• [Your goal]
Would you write out the lines below exactly, from the one containing "I also made" to the very last, but without the pictures?
** Opening Data in this exercise block **
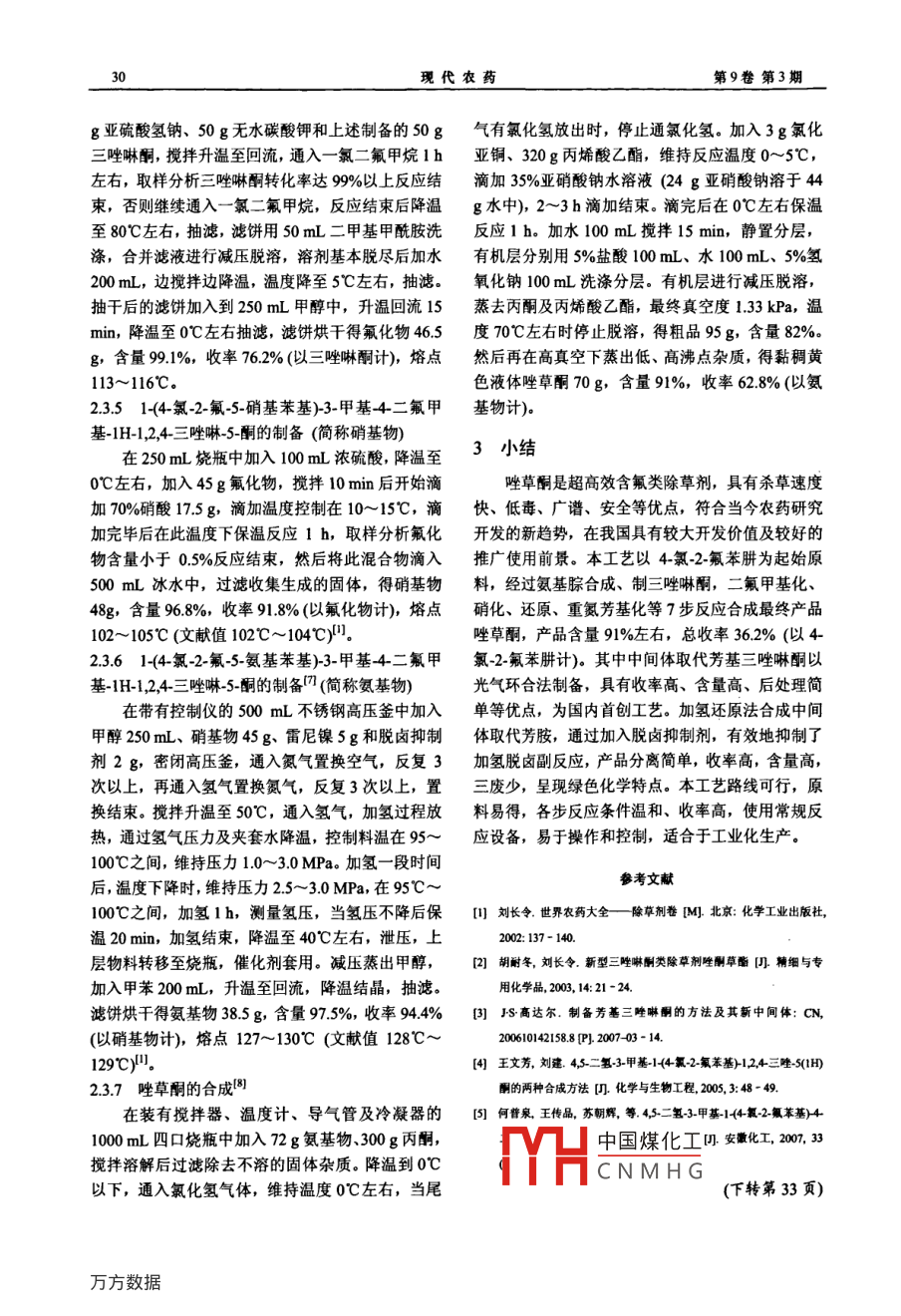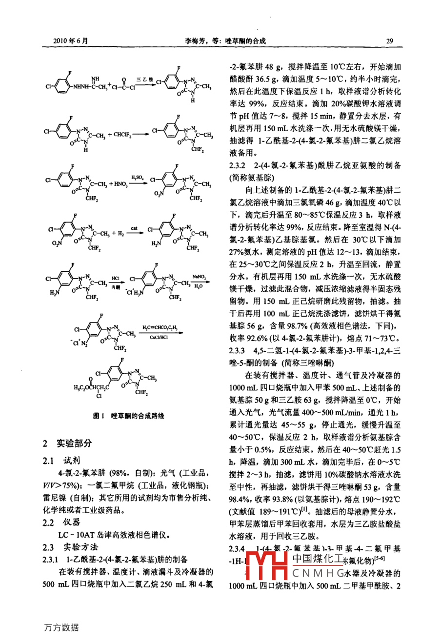 第9卷第3期現(xiàn)代農(nóng)藥Vol.9 No.32010年6月Modern AgrochemicalsJun. 2010一研究與開發(fā) o唑草酮的合成李梅芳,韓邦友(江蘇快達(dá)農(nóng)化股份有限公司,江蘇如東226401)摘要:改進(jìn)了除草劑唑草酮的合成工藝,以4氯2-氟苯肼為原料,經(jīng)氨基腙合成、光氣環(huán)合制成取代芳基三唑啉酮,再經(jīng)二氟甲基化、硝化、加氫還原合成中間體1-(5-氨基4_氯-2-氟苯基)-3-甲基4二氟甲基-1H-1,2,4-三唑啉~5_酮,重氮化后與丙烯酸乙酯反應(yīng),經(jīng)后處理得唑草酮。關(guān)鍵詞:唑草酮;三唑啉酮;合成路線;制備中圖分類號(hào): TQ 457.2+9文獻(xiàn)標(biāo)識(shí)碼: Adoi: 1.961/j.ss.1671-5284.2010.03.008Synthesis Process of Carfentrazone ethylLI Mei-fang, HAN Bang-you(iangsu Kuaida Agrochemnical Co, Ltd, Jiangsu Rudong 226401, China)Abstract: The syntbesis process of carfentrazone ethyl was greatly improved. Using 4-chloro -fluorophenylhydrazineas the raw material, substitutional aryl-triazolinones was prepared by synthesis of amidrazone and phosgene cyclization.Then intermediate product 1-5-amino-4-chloro-2-fluoropbeny1)-3-mthy1-4-difuoromnethyl-1H-2.4-triazole-5-one wasgot through difluoromethylation and nitration and hydrogenating reduction. By means of the process of diazotization andthen reacting with ethyI acrylate, carfentrazone ethyl was fnally obtained.Key words: carfentrazone ethy; triazolinones; synthesis route; preparation唑草酮"是1990 年由FMC公司開發(fā)的三唑啉以光氣環(huán)合法合成關(guān)鍵中間體取代芳基三唑啉酮, .酮類除草劑,試驗(yàn)代號(hào)F8426、F116426,通用名稱以低壓加氫法制得中間體取代芳胺,找到- -條適合carfentrazone-ethyl,商品名稱Aim、Affinity. Aurora、工業(yè)化生產(chǎn)的工藝路線。Platform、福農(nóng)、快滅靈等。該品種屬原卟啉原氧1唑草酮的合 成路線化酶抑制劑,即通過抑制葉綠素生物合成過程中原卟啉原氧化酶而引起細(xì)胞膜破壞,使葉片迅速干唑草酮的合成文獻(xiàn)報(bào)導(dǎo)較多,主要涉及到中枯、死亡。在噴藥后15分鐘內(nèi)即被植物葉片吸收,間體取代芳基三唑啉酮34)的合成。經(jīng)文獻(xiàn)檢索、工不受雨淋影響,主要用于防除闊葉雜草和莎草,防藝路線比較和小試技術(shù)攻關(guān),選擇唑草酮合成路線除對磺酰脲類除草劑產(chǎn)生抗性的雜草也具有很好如圖1所示。的活性,適用于小麥、大麥、燕麥、水稻、玉米、cH,?大豆、柑桔、咖啡、棉花、高粱、葡萄園、草坪等。-NINHC- '-NHNHCCH,of因其在土壤中的半衰期僅為幾小時(shí),故對下茬作物亦安全。該品種在美國、日本、法國、德國、南非等許多國家登記,由于其安全性好,使用劑量少,-NINHCH, + roC,一適用作物廣,因而引起農(nóng)業(yè)部門和農(nóng)藥生產(chǎn)廠家的極大興趣。目前該品種合成技術(shù)難點(diǎn)還有很多沒有-0 NBNE-NHNIHC -CH,公開,原料藥主要依靠進(jìn)口,我們通過技術(shù)攻關(guān),中國煤化工~收稿日期: 2010-02-02: 修回日期: 2010-02-24MHCNMH G作者簡介:李梅芳(1969 -),女江蘇省如東縣人,工程師,主要從事農(nóng)藥、化工產(chǎn)晶合成研究。Tel: 0513 - 84415508; E- mail: js182046@sobhu.com2010年6月李梅芳,等:唑草酮的合成29-2-氟苯肼48 g,攪拌降溫至10C左右,開始滴加謂t。 8_三乙股c-醋酸酐36.5g,滴加溫度5~10C,約半小時(shí)滴完,NENH-C-cH,+a-C-c1然后在此溫度下保溫反應(yīng)1 h,取樣液譜分析轉(zhuǎn)化率達(dá)9%,反應(yīng)結(jié)束。滴加20%碳酸鉀水溶液調(diào)節(jié)pH值達(dá)7~8,攪拌15 min,靜置分去水層,有機(jī)層再用150 mL水洗滌一次,用無水硫酸鎂干燥,- CH, + CHCIF2抽濾得1-乙?;?2-(4-氯-2-氟 苯基)肼二氯乙烷溶CHF2液備用。2.3.22-(4-氯-2-氟苯基)酰肼乙烷亞氨酸的制備(簡稱氨基腙)-CH, + HNO,向上述制備的1-乙?;?2-<4-氯-2-氟苯基)肼二CHEP2氯乙烷溶液中滴加三氯氧磷46 g,滴加溫度40C以下,滴完后升溫至 80~85C保溫反應(yīng)3 h,取樣液譜分析轉(zhuǎn)化率達(dá)99%,反應(yīng)結(jié)束。降至室溫得N-(4--cn,+ne. a-氯-2-氟苯基)乙基腙基氯。然后在30C以下滴加ONhnCHr,27%氨水,測定溶液的pH值達(dá)12~13,滴加結(jié)束,在25~30"C之間保溫反應(yīng)2 h,升溫至回流,靜置分水。有機(jī)層再用150 mL水洗滌- -次, 無水硫酸C-CHHOhN”內(nèi)酮CA'H,N鎂干燥,過濾此混合物,減壓濃縮濾液得半固態(tài)殘CHF,留物。用150 mL正己烷研磨此殘留物,抽濾。抽干后再用100 mL正己烷洗滌濾餅,濾餅烘干得氨HC=CIHCO.CH基腙56 g,含量98.7% (高效液相色譜法,下同),CCVHCI收率92.6%(以4氯-2-氟苯肼計(jì)),熔點(diǎn)71~73C。"a'N2.3.3 4,5-二氫-1-(4-氯-2- 氟苯基)-3-甲基-1,2,4三唑_5_酮的制備(簡稱三唑啉酮)a-在裝有攪拌器、溫度計(jì)、通氣管及冷凝器的HC.OCHCHC1000 mL四口燒瓶中加入甲苯500 mL、.上述制備的a氨基腙50g和三乙胺63g,攪拌降溫至0C,開始圖1唑草酮的合成路線通入光氣,光氣流量400~500 mL/min,通光1 h,累計(jì)通光量達(dá)45~55 g,停止通光,緩慢升溫至40~50C,保溫反應(yīng)2 h,取樣液譜分析氨基腙含2實(shí)驗(yàn)部分量小于0.5%,反應(yīng)結(jié)束。然后在40~50C趕光1.52.1試劑h,降溫,滴加300 mL水,滴加完畢后,在0~5C4~氯-2-氟苯肼(98%,自制); 光氣(工業(yè)品,攪拌2~3h,抽濾,濾餅用10%碳酸鈉水溶液水洗VIV> 75%); - -氯二氟甲烷(工業(yè)品,液化鋼瓶);至中性,再抽濾,濾餅烘干得三唑啉酮53g,含量雷尼鎳(自制);其它所用的試劑均為市售分析純、98.4%,收率93.8% (以氨基腙計(jì)),熔點(diǎn)190~192C化學(xué)純或者工業(yè)級藥品
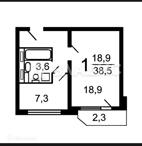 Общая площадь 36.7 м2
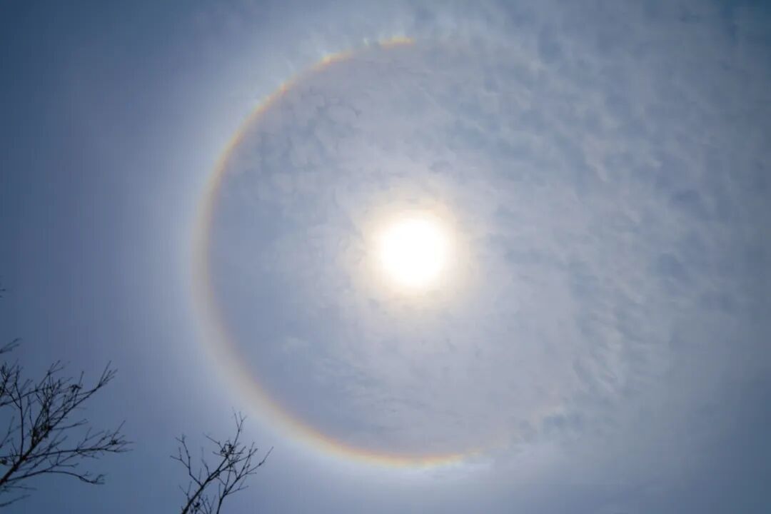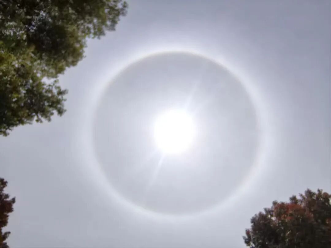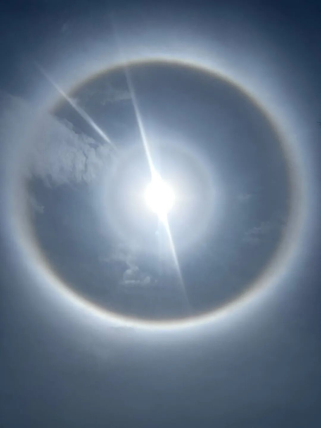 日晕半径的视角通常是22度和46度,通常可以用肉眼观察到日晕现象。云层中冰晶含量越大,光环越显著,就越容易被人观察到。
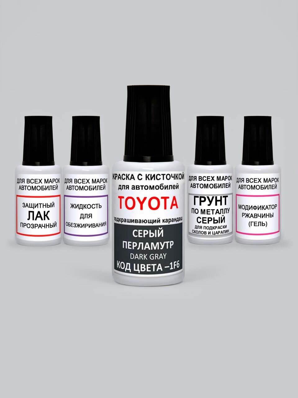 Купить Краска для сколов во флаконе с кисточкой 1F6 Toyota Серый перламутровый металлик, Dark Gray 20 мл. , краска+лак 5 предметов
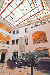 13世紀建築改建成的Hotel Arcadia,中庭以彩色玻璃頂點綴。(圖:香港明報)
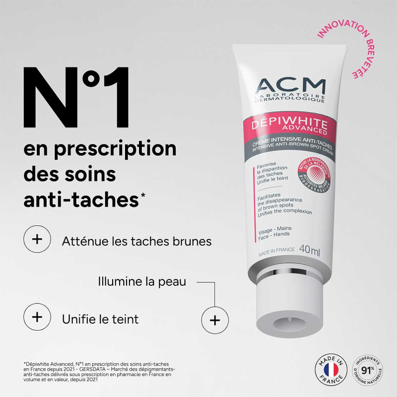 Le soin Dépiwhite Advanced de Laboratoire ACM est recommandé pour les différents types d’hyperpigmentation : taches de vieillesse (lentigos séniles), les taches brunes type masque de grossesse et taches de soleil (lentigos actiniques). Cette crème a été pensée pour toutes les peaux sujettes aux taches brunes. Elle contient 91% d'ingrédients d'origine naturelle. Elle favorise la disparition des taches brunes et unifie le teint.
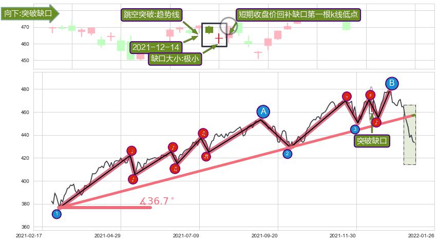 ➢ 收盘价(2021-12-15: 470.60 )→回踩→第一根k线低点(2021-12-13: 466.27 )
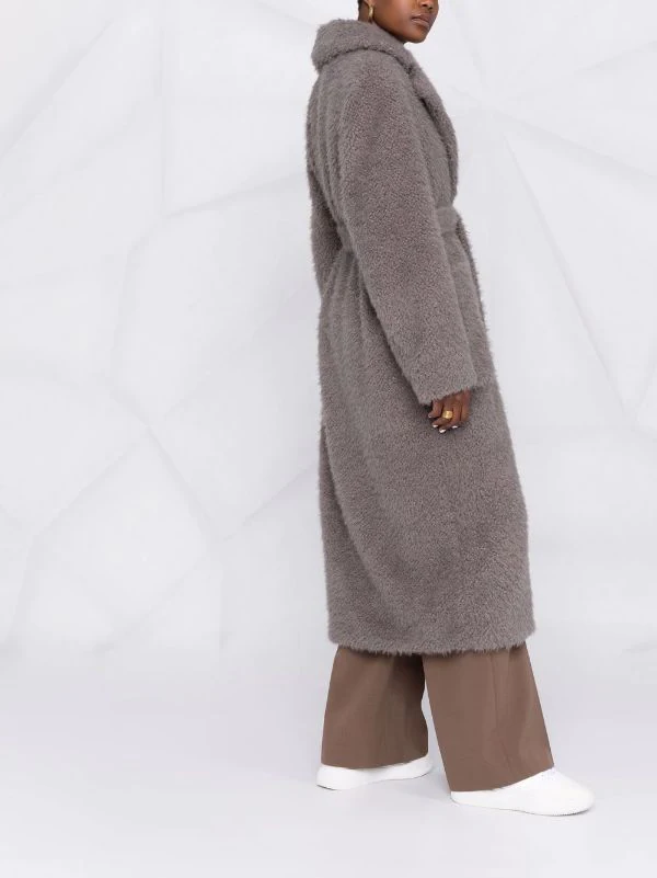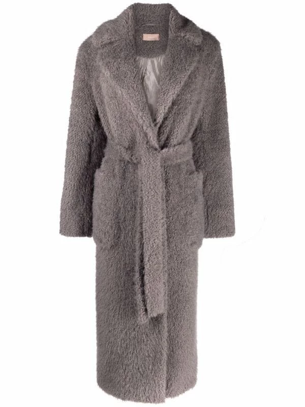 Fini texturé, revers crantés, épaules tombantes, manches longues, deux poches plaquées avant, taille ceinturée, coupe mi-longue. Couleur : gris.
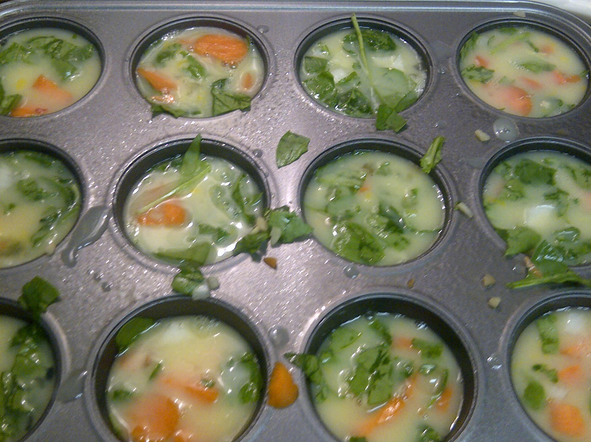 I also made egg muffins to eat for my breakfast this week. (This idea is taken from Oxygen Magazine.) I used 16 ounces of egg whites and four whole eggs. The veggies are optional and you can use any kind you want. You can also add in ground meat. First, I mixed the eggs together in a large bowl. I then chopped up a carrot, shredded some spinach and mixed them together with garlic cloves. I took a 12 muffin tin and sprayed with olive oil while pre-heating the oven to 375 degrees.
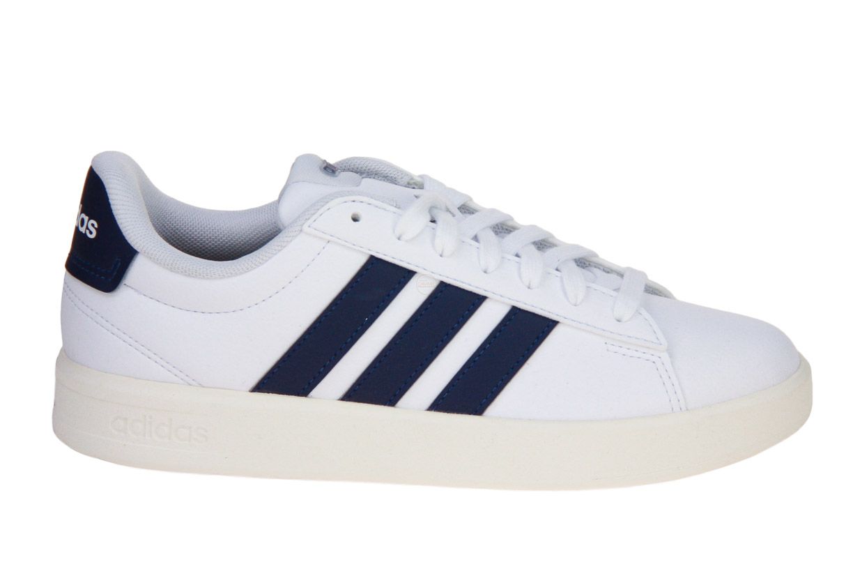 Deze wit synthetisch lederen sneaker is van het merk Adidas.
** Closing Data in this exercise block **
• [Reply to the task]
 I also made egg muffins to eat for my breakfast this week. (This idea is taken from Oxygen Magazine.) I used 16 ounces of egg whites and four whole eggs. The veggies are optional and you can use any kind you want. You can also add in ground meat. First, I mixed the eggs together in a large bowl. I then chopped up a carrot, shredded some spinach and mixed them together with garlic cloves. I took a 12 muffin tin and sprayed with olive oil while pre-heating the oven to 375 degrees.
 Deze wit synthetisch lederen sneaker is van het merk Adidas.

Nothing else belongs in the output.